Is CenturyLink Inc (NYSE:CTL) A Buy At Its Current PE Ratio?
CenturyLink Inc (NYSE:CTL) is trading with a trailing P/E of 10.3x, which is lower than the industry average of 15.8x. Although some investors may jump to the conclusion that this is a great buying opportunity, understanding the assumptions behind the P/E ratio might change your mind. Today, I will explain what the P/E ratio is as well as what you should look out for when using it. Check out our latest analysis for CenturyLink
What you need to know about the P/E ratio
P/E is a popular ratio used for relative valuation. By comparing a stock’s price per share to its earnings per share, we are able to see how much investors are paying for each dollar of the company’s earnings.
P/E Calculation for CTL
Price-Earnings Ratio = Price per share ÷ Earnings per share
CTL Price-Earnings Ratio = $18.18 ÷ $1.766 = 10.3x
The P/E ratio itself doesn’t tell you a lot; however, it becomes very insightful when you compare it with other similar companies. We want to compare the stock’s P/E ratio to the average of companies that have similar characteristics as CTL, such as size and country of operation. One way of gathering a peer group is to use firms in the same industry, which is what I’ll do. Since CTL’s P/E of 10.3x is lower than its industry peers (15.8x), it means that investors are paying less than they should for each dollar of CTL’s earnings. Therefore, according to this analysis, CTL is an under-priced stock.
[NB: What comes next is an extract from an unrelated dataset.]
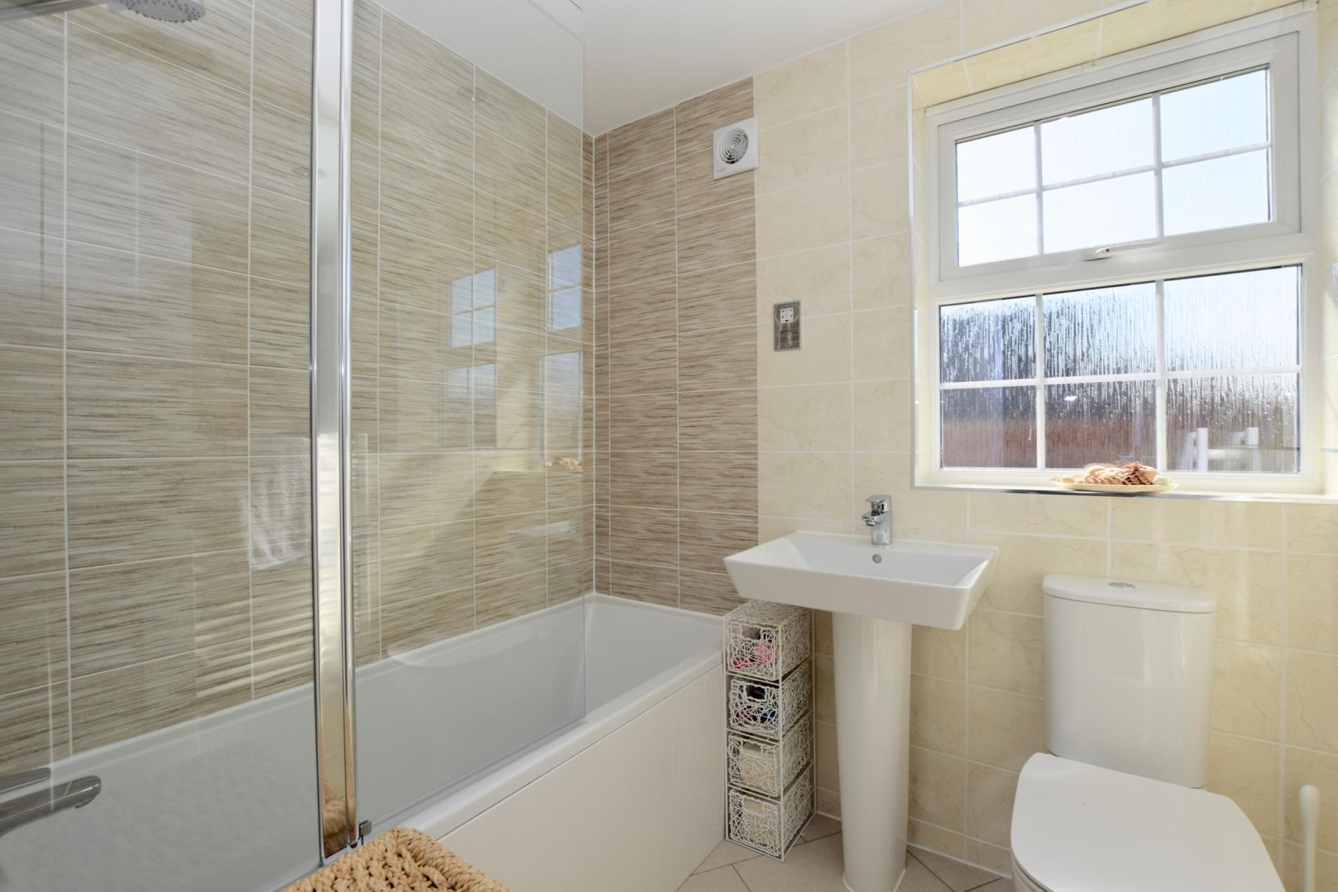 BATHROOM Window to side aspect. White suite comprising bath with shower over, WC and basin. Tiled walls with large fitted mirror, Amtico flooring, recessed ceiling spotlights, white ladder style towel radiator.
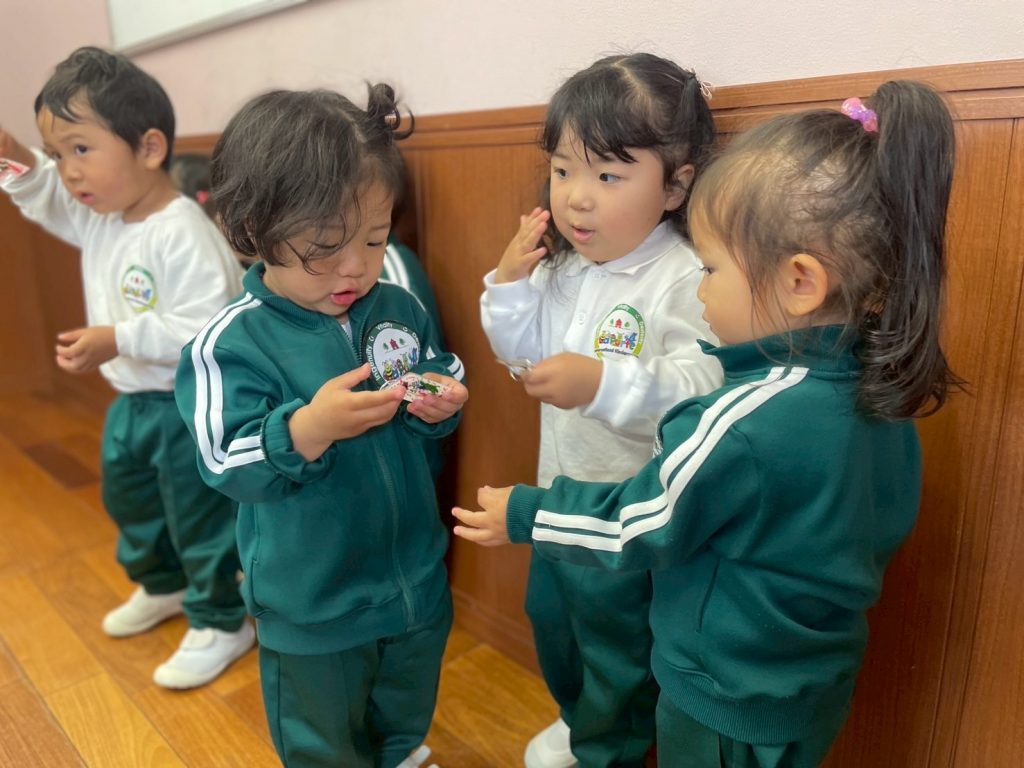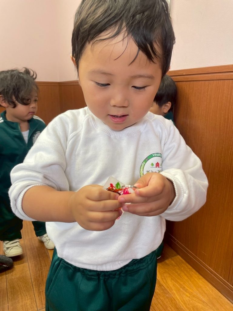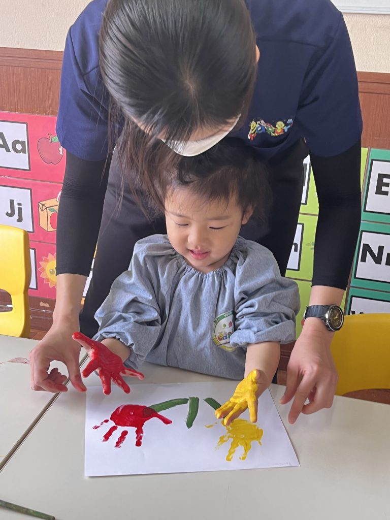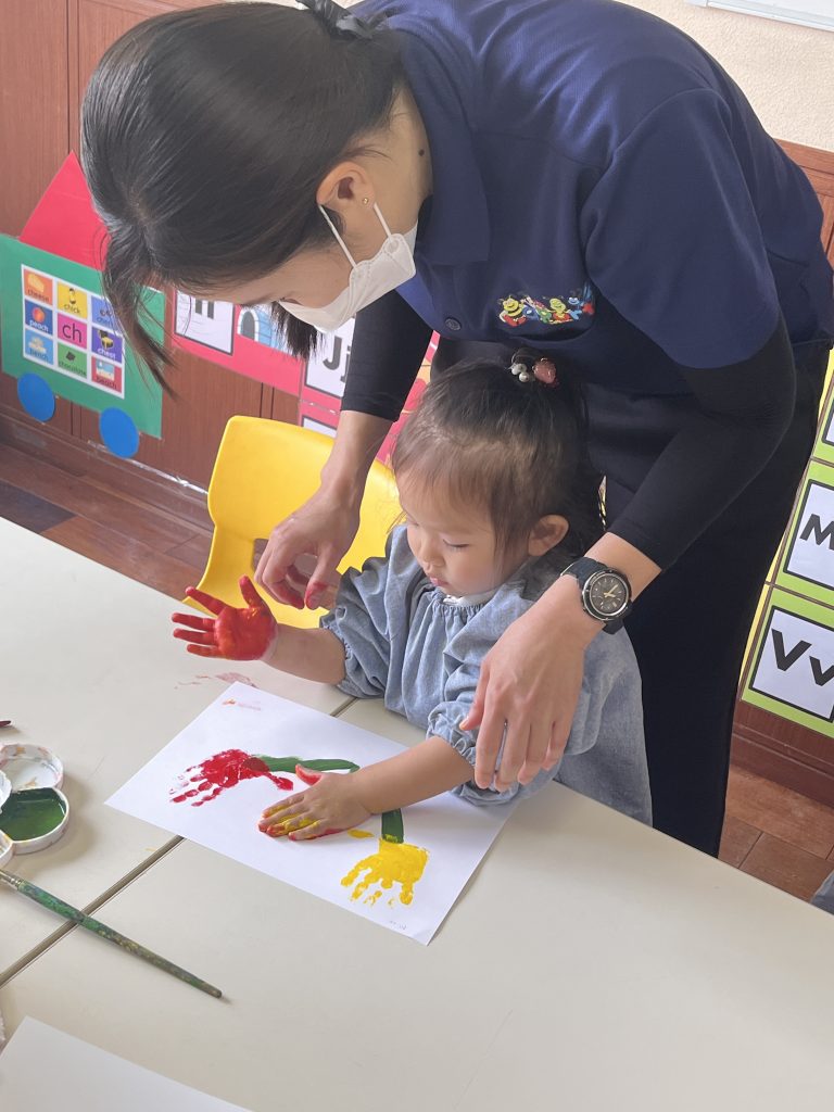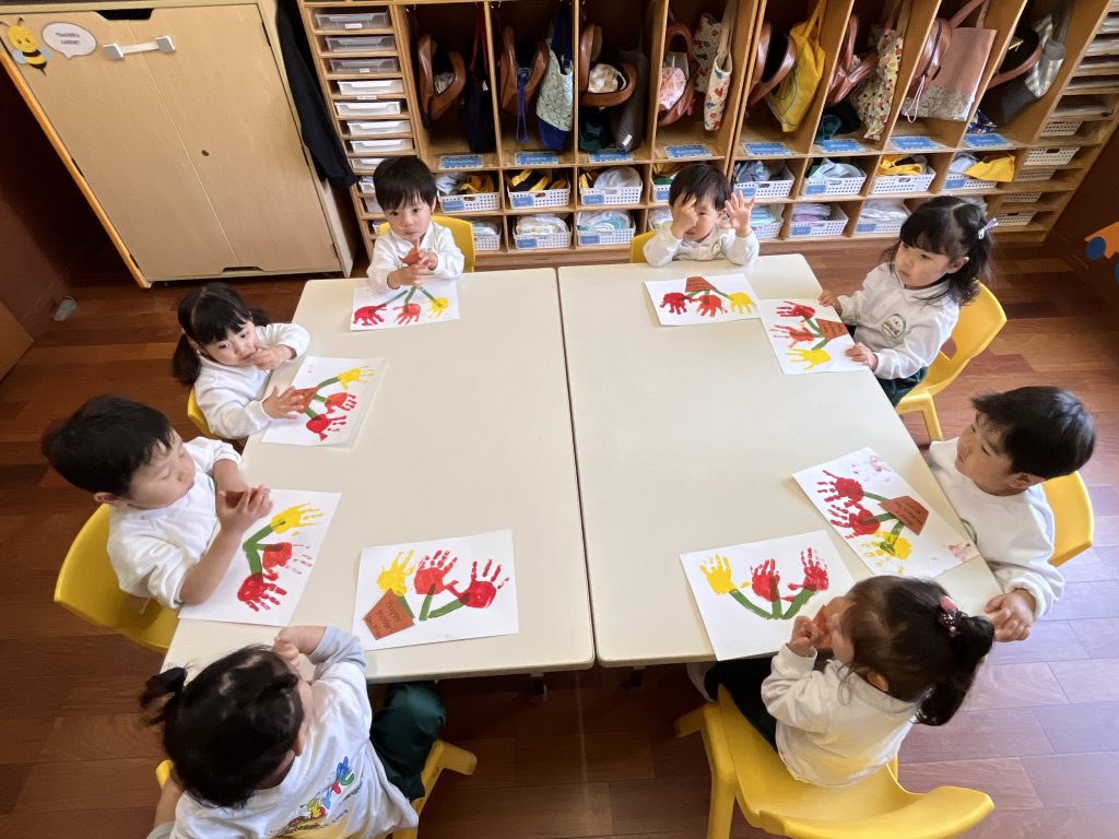 We made something special for our moms—something that will make them happy because we created it just for them. We made keychains that had to be baked to become real keychains. It was like magic—they shrank down to mini sizes! We were so surprised! We also made cards for them using our colorful handprints. It was so much fun!

Assumptions to watch out for
While our conclusion might prompt you to buy CTL immediately, there are two important assumptions you should be aware of. Firstly, our peer group contains companies that are similar to CTL. If this isn’t the case, the difference in P/E could be due to other factors. For example, if you compared higher growth firms with CTL, then its P/E would naturally be lower since investors would reward its peers’ higher growth with a higher price. The second assumption that must hold true is that the stocks we are comparing CTL to are fairly valued by the market. If this does not hold true, CTL’s lower P/E ratio may be because firms in our peer group are overvalued by the market.
What this means for you:
Since you may have already conducted your due diligence on CTL, the undervaluation of the stock may mean it is a good time to top up on your current holdings. But at the end of the day, keep in mind that relative valuation relies heavily on critical assumptions I’ve outlined above. Remember that basing your investment decision off one metric alone is certainly not sufficient. There are many things I have not taken into account in this article and the PE ratio is very one-dimensional. If you have not done so already, I highly recommend you to complete your research by taking a look at the following:
Future Outlook: What are well-informed industry analysts predicting for CTL’s future growth? Take a look at our free research report of analyst consensus for CTL’s outlook.
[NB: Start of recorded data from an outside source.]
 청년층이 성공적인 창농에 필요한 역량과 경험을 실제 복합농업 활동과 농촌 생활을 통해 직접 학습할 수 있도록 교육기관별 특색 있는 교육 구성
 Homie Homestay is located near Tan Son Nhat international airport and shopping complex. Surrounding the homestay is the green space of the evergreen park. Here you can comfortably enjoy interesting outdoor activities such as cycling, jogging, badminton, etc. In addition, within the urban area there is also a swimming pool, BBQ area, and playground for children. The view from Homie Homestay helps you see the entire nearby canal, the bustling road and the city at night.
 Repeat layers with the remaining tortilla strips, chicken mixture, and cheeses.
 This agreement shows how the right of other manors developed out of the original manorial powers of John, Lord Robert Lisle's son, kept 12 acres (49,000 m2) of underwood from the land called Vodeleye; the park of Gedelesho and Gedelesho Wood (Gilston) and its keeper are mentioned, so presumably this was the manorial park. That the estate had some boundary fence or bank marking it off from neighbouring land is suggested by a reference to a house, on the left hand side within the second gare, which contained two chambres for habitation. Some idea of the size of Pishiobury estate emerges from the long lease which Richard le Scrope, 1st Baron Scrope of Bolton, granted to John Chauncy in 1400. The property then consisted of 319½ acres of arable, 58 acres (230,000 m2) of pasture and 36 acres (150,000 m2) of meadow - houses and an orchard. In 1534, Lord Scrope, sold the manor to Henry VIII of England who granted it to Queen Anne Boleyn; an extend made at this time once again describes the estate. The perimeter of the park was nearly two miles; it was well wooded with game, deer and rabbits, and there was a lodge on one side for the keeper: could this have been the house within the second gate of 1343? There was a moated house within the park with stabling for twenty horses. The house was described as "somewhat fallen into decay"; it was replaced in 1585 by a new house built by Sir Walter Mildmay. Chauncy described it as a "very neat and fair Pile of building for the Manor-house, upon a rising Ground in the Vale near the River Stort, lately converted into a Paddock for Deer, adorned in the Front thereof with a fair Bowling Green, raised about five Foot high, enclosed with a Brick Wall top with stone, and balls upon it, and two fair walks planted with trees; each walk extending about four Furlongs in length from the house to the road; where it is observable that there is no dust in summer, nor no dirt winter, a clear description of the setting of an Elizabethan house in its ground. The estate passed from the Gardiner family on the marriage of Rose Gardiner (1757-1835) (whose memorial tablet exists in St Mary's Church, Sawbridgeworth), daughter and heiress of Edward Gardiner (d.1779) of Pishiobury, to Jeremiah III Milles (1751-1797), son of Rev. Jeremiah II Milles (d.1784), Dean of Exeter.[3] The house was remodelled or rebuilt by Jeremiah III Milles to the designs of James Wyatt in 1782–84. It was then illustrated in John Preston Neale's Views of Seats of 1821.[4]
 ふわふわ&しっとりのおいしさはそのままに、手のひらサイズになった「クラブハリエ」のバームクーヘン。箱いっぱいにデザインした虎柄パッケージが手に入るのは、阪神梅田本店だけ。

Past Track Record: Has CTL been consistently performing well irrespective of the ups and downs in the market? Go into more detail in the past performance analysis and take a look at the free visual representations of CTL’s historicals for more clarity.
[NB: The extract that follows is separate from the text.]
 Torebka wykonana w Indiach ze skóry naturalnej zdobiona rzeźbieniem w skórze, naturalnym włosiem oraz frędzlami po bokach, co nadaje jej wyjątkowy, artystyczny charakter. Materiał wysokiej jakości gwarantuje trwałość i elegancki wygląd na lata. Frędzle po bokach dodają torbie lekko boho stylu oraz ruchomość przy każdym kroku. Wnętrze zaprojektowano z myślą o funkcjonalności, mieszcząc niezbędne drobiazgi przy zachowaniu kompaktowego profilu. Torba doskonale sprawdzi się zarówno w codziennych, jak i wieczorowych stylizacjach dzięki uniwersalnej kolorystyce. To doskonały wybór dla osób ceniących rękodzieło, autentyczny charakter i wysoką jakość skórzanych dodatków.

Other High-Performing Stocks: Are there other stocks that provide better prospects with proven track records? Explore our free list of these great stocks here.
To help readers see pass the short term volatility of the financial market, we aim to bring you a long-term focused research analysis purely driven by fundamental data. Note that our analysis does not factor in the latest price sensitive company announcements.
The author is an independent contributor and at the time of publication had no position in the stocks mentioned.